2.4 JAMA accountability analysis

The accountability of the 30 Google-listed websites was assessed using a 0–4 scale based on the Journal of the American Medical Association (JAMA) benchmarks. According to JAMA guidelines, a trustworthy educational site must: (1) Include all authors and their relevant credentials, (2) List references, (3) Provide disclosures and (4) Provide date of last update (Silberg et al., 1997).

2.5 Expert panel evaluation

Three chief ophthalmologists (J.Y., L.C., and Y.C.) independently evaluated the responses generated by different platforms using five predefined criteria: “Correctness” (evaluating the medical correctness of the reply), “Completeness” (measuring the extent to which the response covers all necessary aspects of the query), “Readability” (assessing ease of understanding for the patient), “Utility” (evaluating the usefulness in aiding patient comprehension and management), and “Safety” (assessing the potential of the response to guide patients safely, ensuring the information provided does not mislead or pose any risk to patient health). Responses were measured using a 5-point Likert scale, where a rating of 1 signified strong disagreement, 2 indicated disagreement, 3 represented a neutral stance, 4 denoted agreement, and 5 conveyed strong agreement. Each rating was separated by a 48-h washout period (see Supplementary Table S3).

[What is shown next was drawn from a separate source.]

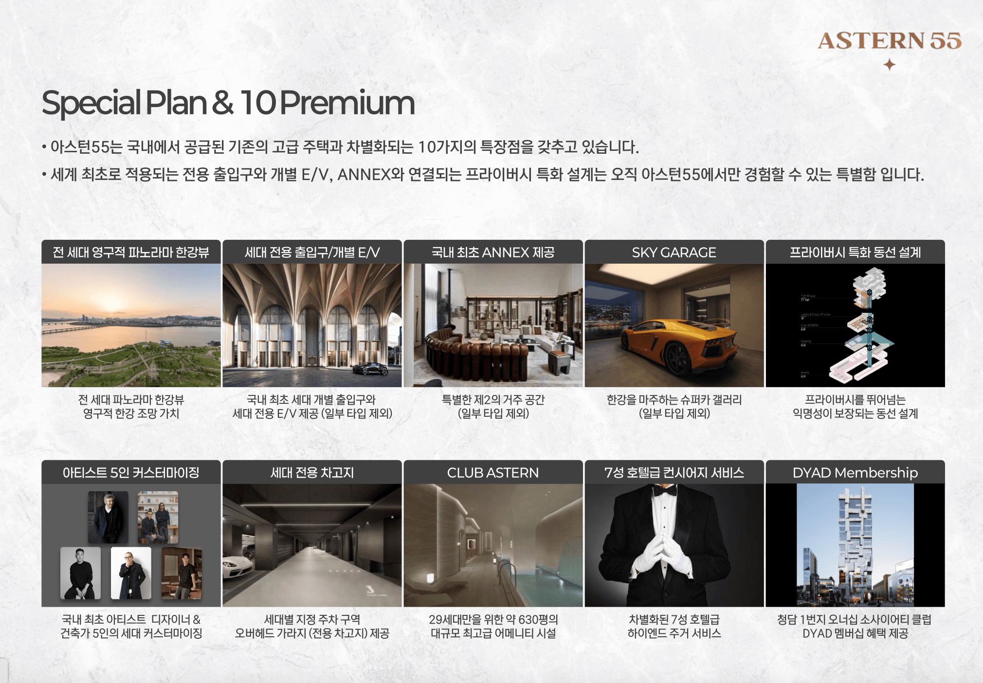 아스턴 55 아파트는 ‘서울 한강변 고급 주거지’라는 말의 의미를 새롭게 정의하는 프로젝트입니다. 희소성과 상징성, 그리고 철저히 입주민 중심의 설계와 서비스를 통해 단순한 주거가 아닌, 삶의 품격을 높이는 자산으로 자리매김했습니다.

2.6 Enhancing the readability of ChatGPT responses

To improve the readability of responses from the LLM, we provided ChatGPT 4o mini (Version: October 10, 2024) with the following instruction: “Given that patient education materials are recommended to be written at a sixth-grade reading level, can you rewrite the following text to a simpler reading level: (insert text).” Record these responses (RE-CG and RE-CD, respectively) and conduct the same passage statistics, readability statistics, and scoring as before, then compare it with the original, unsimplified response (see Supplementary Tables S2, S3).

2.7 Statistical analysis

The statistical analysis was conducted using IBM SPSS, version 25.0. The Shapiro–Wilk test was used to assess the normality of the results. The overall readability and response characteristics of the two question banks were compared using paired t test the Mann–Whitney U test. Analysis of variance (ANOVA) or the Kruskal-Wallis test was used to compare differences among responses within each question bank. Pairwise comparisons between groups were conducted using the Bonferroni test or Dunn’s test. The statistical significance level for all tests was set at p < 0.05, and Bonferroni correction was applied to adjust the results of the multiple analyses.

3 Result

3.1 Question banks and classifications

Supplementary Table S1 presents the two question banks and their classifications. In both question banks, there are open-ended questions (e.g., What are the long-term effects of congenital cataracts?) as well as closed-ended questions (e.g., What are congenital cataracts?). Additionally, the Doctor Bank includes more practical questions (e.g., How long after congenital cataract surgery should the child avoid physical education classes?). Compared to the Google Bank, the Doctor Bank contains a higher proportion of questions classified as “Management” and “Prognosis” (n = 7, 46.67% vs. n = 14, 93.33%).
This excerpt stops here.